Sculptor Miguel Joyal will create the bust, which will capture Forest’s signature beard. It will stand a little under one metre high, weigh about 73 kilograms, and rest on a thick granite base mounted on a concrete platform. The structure will reach a height of over two metres.
“It’s going up as a centerpiece in a development underway in the park, on the corner of Langevin (Street) and Provencher Boulevard,” Ferland said.
Paving is complete for the triangular piece of land where the bust will provide focus as the first monument to catch the eye of visitors as they stroll into the park under a new archway.
Festival du Voyageur organizers also paid tribute to Forest’s memory this year, marking the 50th anniversary of the festival, of which he was a founder.

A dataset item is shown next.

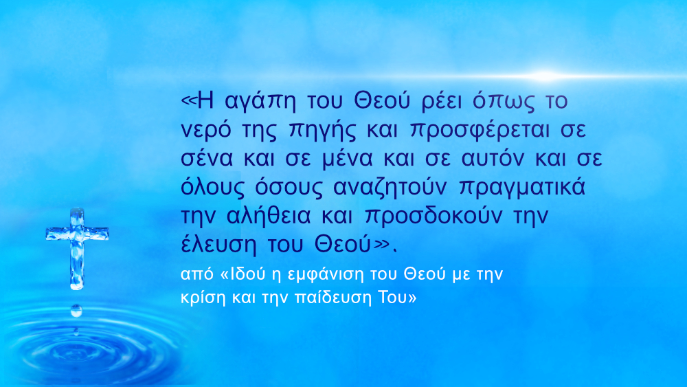Η αγάπη του Θεού ρέει όπως το νερό της πηγής και προσφέρεται σε σένα και σε μένα και σε αυτόν και σε όλους όσους αναζητούν πραγματικά την αλήθεια και προσδοκούν την έλευση του Θεού.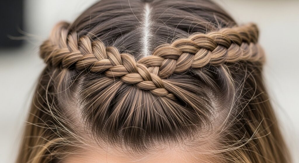 1. The Triple Braid Crown: Use three thinner braids instead of two for a more intricate, woven look.

George and his wife, Anita Forest, were the “first voyageurs officials” during the inaugural festival. Forest died 29 years ago on Valentine’s Day at the Festival du Voyageur while jigging at an event.
Forest’s battles for the French language made him a legal legend.
He staged a hunger strike in 1971 to preserve French language rights when St. Boniface was amalgamated into the city of Winnipeg.
The Manitoba Historical Society’s website outlines the constitutional crisis he triggered over the parking ticket fracas.

“The Forest case, which began in 1975 and ended at the end of 1979, led to the re-establishment of French as the official language of Manitoba, 89 years after that status was revoked,” the online site noted.
Ferland said he remembered the constitutional crisis culminated in an all-night session where MLAs were up from dusk to dawn passing the remaining outstanding laws in both French and English, so they’d be legal.
“The law said specifically, it (any law) had to be passed in both languages. Louis Riel and his government insisted that laws had to be passed in both languages. That’s key,” Ferland said.